This isn't serious. Nobody is going to post this. There are a few places in the market where it is good value to take a directional position of 3-4000 lots or more, as a day trade, for $500 or more profit per contract.

Any serious commentary would also get lost in the noise. What if I said there were a few very large directional traders who were buying the last hour of Thursday and the first 40 minutes of Friday in size, expecting the move we had? What if there was some way I knew this for a fact. What would it add to your trading?

A 30 year veteran who sometimes posts here, who has been an exchange member for decades, assures me that if one has such a system, and scales up to a decent size, "the players will find you and shove money down your throat". About the time anyone is at that level, they would likely not want/need the extra money, as compounding to limits of available liquidity is not a slow process for this class of trader. Market liquidity will eventually restrict the position size which can be used, so the rare conditions when larger size can be traded become more important to exploit.

I doubt there are more than a few dozen people worldwide who know where and why and how to do this. Maybe fewer. There is zero chance of any of them posting details on ET.

There are plenty of strategies which can be used on ES in sizes of a few hundred to a thousand for a few ticks, but I interpret the question of "best" as meaning the opportunities to commit substantial capital for a good short term return, as opposed to making smaller (albeit very consistent) profits trading for ticks. But I wouldn't argue semantics...a fully automated system which can consistently earn the spread in small size is a "best" system also.

"Trading at retail level" is misleading. Among the top players in this business will be self made independent traders. When you consider what is possible for those with understanding and capital but with few restrictions / handcuffs that come with working for an institution or managing OPM, it is logical that it will be this way. Think Paul Rotter and those at similar levels. There will be a few dozen world class individuals who will try to remain as anonymous as possible at that level.

Better question is what is the "best" system which you are capable of devising / implementing. Perhaps surprisingly there are some top level folks in this business who read ET but seldom if ever post...so there is a chance that the holders of some of the best edges in the ES see this thread!

Bottom line - do the best you can for yourself, don't trouble too much about what others are doing. They aren't going to tell you anyways :-)

Very good points!

http://www.elitetrader.com/vb/showthread.php?s=&postid=3875167
Quote from gmst:

Thanks horton for your views.

In my experience:

2005-2006 was a very low volatile period for ES and most of my strategies on ES that work very well 2007 onwards, have bad performance in 2005-06. Market was basically dead after first hour in these 2 years.
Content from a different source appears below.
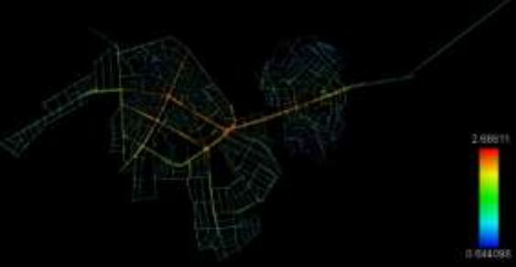
Fig.8 Integration graph of Koya city in 2003

At this phase, the city grew to the south as well as to the north-east along the road leading to Sulaymaniyah city, although more than 60 years have passed since the first phase, this growth has been relatively slow where the number of spaces analyzed was only 1004 spaces. At this phase, the integration node remained in the center of the city, and it extended to the north-east, while the isolation node remained in the residential areas inside the old neighborhoods. And Fig.8 represents the Integration graph, while Fig.9 represents the Mean Depth graph.

To the OP - So, if you find that your strategies don't perform well especially in the 2005-2006 period, I will say don't worry too much about it - take it as a market anomaly or unnatural markets for a brief period and trade what you have now which is suitable for current markets. Just that you have to be careful about market conditions if they change going fwd. A good way is to look at your max. historical DD and if you hit that then stop trading the strategy for some time.